Pour leur troisième collaboration, Karl Zéro et Michel Royer passent à la vitesse supérieure en transformant George W. Bush en personnage documentaire. On peut reprocher aux deux auteurs le caractère quelque peu facile de leur dispositif, qui fonctionne grâce au charisme des sujets filmés et à la voix off d’un imitateur qui tient constamment le spectateur par la main. Toutefois, on ne peut pas nier l’efficacité de Being W. qui, grâce à son montage intéressant, lie des images d’archives de Bush à des extraits de films anciens. Cet assemblage filmique rappelle le principe de la série culte Dream On de John Landis, qui met constamment en rapport les actes et les pensées de son héros avec des séquences de série B. Le rythme du métrage ne ralentit pratiquement jamais, mais il faut avouer que le personnage a une vraie capacité à inventer des répliques cultes qui se comptent par centaines.

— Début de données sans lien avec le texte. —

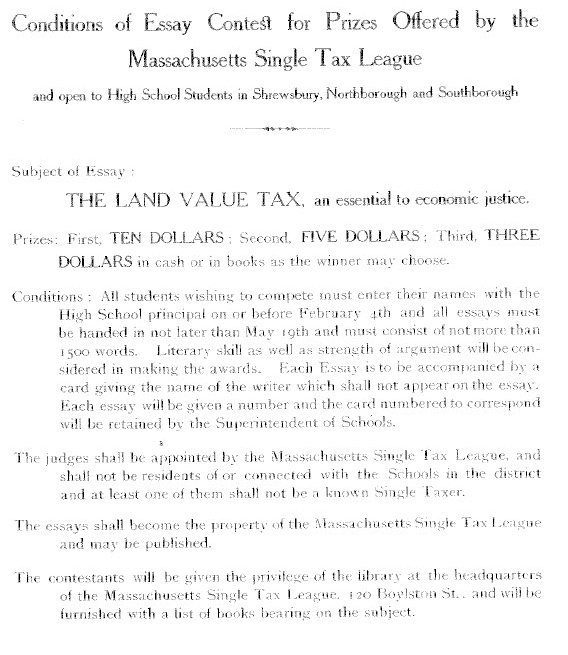 The Massachusetts Single Tax League sprung from the Anti-Poverty Society of Boston in 1890. In its early years, the League served as a local outgrowth of the National Single Tax League by helping spread the single tax gospel through public meetings, dinners, and banquets. For several years, League members held an open-air meeting every Sunday on the Boston Common. Later, the League established a correspondence committee responsible for sending single tax literature to area schools, colleges, and universities. Occasionally, the League sponsored essay contests local high schools.

L’une des bonnes surprises de ce film, c’est que Zéro et Royer ne tombent pas dans le piège de montrer Bush comme un idiot à la manière des Guignols de l’info par exemple, qui ne retranscrivent pas – ou plutôt ne souhaitent pas retranscrire – l’intelligence du gouvernant en raison de leur anti-américanisme primaire. Les deux auteurs arrivent très bien à souligner l’incroyable talent en matière de communication du président qui s’est créé un personnage d’américain moyen, à la simplicité et à la bêtise assumées, afin de se rendre plus proche de ses concitoyens. Cela rappelle évidemment Nicolas Sarkozy, qui a tout appris de cette stratégie lamentable par son efficacité à draguer les masses. Ce qui est alors paradoxal, c’est que Zéro et Royer – qui semblent dénoncer la victoire de la communication sur la pensée – usent des mêmes artifices que Bush et Sarkozy. Le côté manipulateur de l’entreprise s’avère gênant tant le commentaire pervertit le sens d’images retirées de leur contexte. Ce dispositif rappelle le reportage télévisuel ou les pseudo-documentaires qui installent le spectateur dans un confort, l’empêchant de se créer un esprit critique. Tout est fait pour le guider, notamment la voix off toute-puissante qui donne l’illusion d’être une autorité suprême qui prêche la vérité. Devant Being W., le spectateur est alors dans la même position que le citoyen qui fait face à la propagande des équipes de l’Élysée ou de la Maison Blanche. Surtout Zéro croit donner à penser en démontant les mécanismes de l’administration Bush, mais il ne donne en réalité qu’à voir, tout en assénant des affirmations toutes faites agrémentées de bons mots, ce qui relève exactement de la même stratégie perverse.
Le film pose également problème par ses références trop appuyées à Michael Moore, notamment à son très manipulateur Fahrenheit 9/11 qui utilise un dispositif semblable avec des images d’archives liées à des morceaux de films. Mais là où Zéro et Royer étonnent, c’est qu’ils arrivent à mieux traiter l’épisode irakien que Moore qui exagérait en supposant de manière totalement subjective ce que le président pensait. Les auteurs ont l’intelligence de ne pas ajouter de voix off lorsque Bush apprend l’attaque du World Trade Center, alors que le réalisateur américain se montrait terriblement maladroit par son analyse de comptoir. L’autre problème que l’on peut évidemment soulever résulte de la forme qui amène à se demander si l’on est en présence de cinéma – plus précisément de cinéma documentaire – ou d’un simple montage d’archives, certes talentueux mais qui sort difficilement de l’aspect gaudriole pour amener une vraie réflexion. Cette œuvre est un bon divertissement, souvent drôle, mais son côté zapping, qui joue essentiellement sur le côté spectaculaire des répliques peut agacer. On aurait aimé de vraies révélations sur Bush et sa politique, avec des idées qui permettent d’élever le débat, mais l’objectif du film n’est sûrement pas de créer du sens. Being W. est un divertissement foncièrement superficiel dans son aspect subversif – à l’image du personnage Zéro – mais avec un sens du rythme qui s’avère plaisant. Le film arrive alors à faire rire pendant une heure trente, c’est son unique but.